Crisp blond woods softened by hand-woven textiles, tapestries, tactile pelts and leather set the Nordic-chic tone. The wood bar emulates the clinker-built prows of the original Viking boats, while Nordic-print throws and cosy fire pits complete a look that would be at home on the cover of Livingetc.
The usual showpiece atrium bauble is noticeably absent. Instead, one wall of the three-deck stairwell is a frame for changing scenery – a mountain plateau, a curly-horned goat, moss-covered boulders.
An open-tread staircase rises above a lichen garden so that every step conjures a walk in a mossy glade. I half expected one of Norway’s mythical trolls to grab my ankles.
In the indoor-outdoor Wintergarden, dappled light filters through a canopy of tree 'branches' to form a delicate, sky-lit ceiling tracery. I longed to flop in one of the whimsical seats (imagine linguine that has escaped from the saucepan and set in the shape of a chair), but there was no time for loitering.
“Come on, hurry up,” chided Hagen, who is in his 70s, when a handful of journalists almost missed a lift. I would not have wanted to meet his forebear on a dark night around AD 800.
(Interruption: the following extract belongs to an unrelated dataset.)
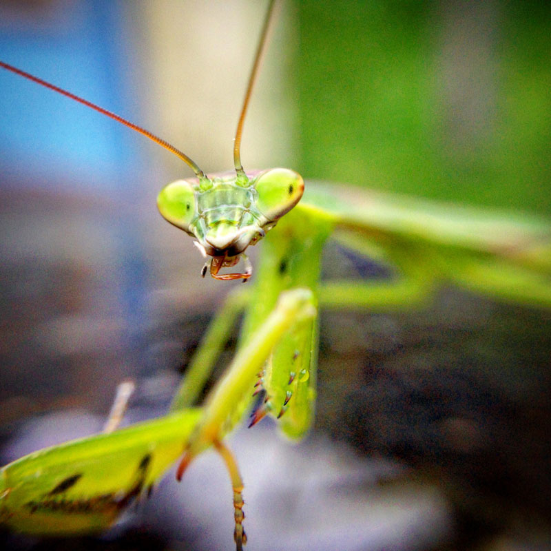 お食事中の雨の中のカマキリ。マクロで撮ったからでかく見えるけど、本当は数センチ。

He showed us the all-weather pool, where a wall doubles as a cinema screen. But it’s the other pool, a chic infinity number cantilevered off the stern, that has everyone talking. It’s a stylish addition but, at three strokes to a length, it is not something for serious swimmers.
In the stairwells a reproduction of the Bayeux Tapestry has been placed, panel by panel, on each landing, while in the stylish spa, Swedish granite, slate and limestone are warmed by fire pits (water vapour and coloured light create the illusion). One is encouraged to bathe starkers as is the Scandinavian wont, but that tradition is unlikely to be maintained among the 55-plus, largely American clientele.
For the brave there is a Snow Grotto in which to cool down after using the Finnish sauna. “At home we like to roll around in the snow and then jump into a lake,” said Nora, the Norwegian spa manager. “We’ve tried to recreate that.”
It 'snows' only at night: when I paid a visit to the grotto around 7pm, it looked more like a freezer in thaw mode, but the next morning there was plenty of fresh snow. The traditional Norwegian hats sold on board are knitted by Nora’s 95-year-old grandmother, Berit Clausen.
Economies of scale
In the boardroom of the Owner’s Suite, coffee and warm waffles were being served as Hagen explained some of the economies of scale on the new vessel. The bathrooms, for instance, have roomy showers, but no baths.
“River operators are used to being cost and space-conscious,” said Hagen. “A bath takes up 6 per cent of cabin space.” (That means 6 per cent of the ticket price.)
Casinos waste space, too, and neither he nor the “well-educated, curious and active cruiser” that Viking Ocean is targeting, wants one, he said. He believes the practice of "nickel and diming" cruise passengers is demeaning, hence the two self-service laundries (with televisions) on every deck.
“Fleecing people is not good business practice in the long run,” he said.
Room service is free, as is Wi-Fi. Dining in alternative restaurants doesn’t incur a surcharge and bar prices are reasonable.
The spa was not such good value. A 50-minute massage cost about $A200, plus 15 per cent service charge and an optional tip. What is a massage if not a service?
After a long day’s travelling I was hoping for another waffle with some more of that delicious lingonberry jam, but, lo, a bunch of slides went up. One compared price points between Viking Star and another ship, Oceania Nautica. Taking into account all inclusions (an excursion in each port, alcohol/drinks served with meals, port charges and taxes, and air-fare), the Oceania cruise fare weighed in at nearly $A5,000 more costly.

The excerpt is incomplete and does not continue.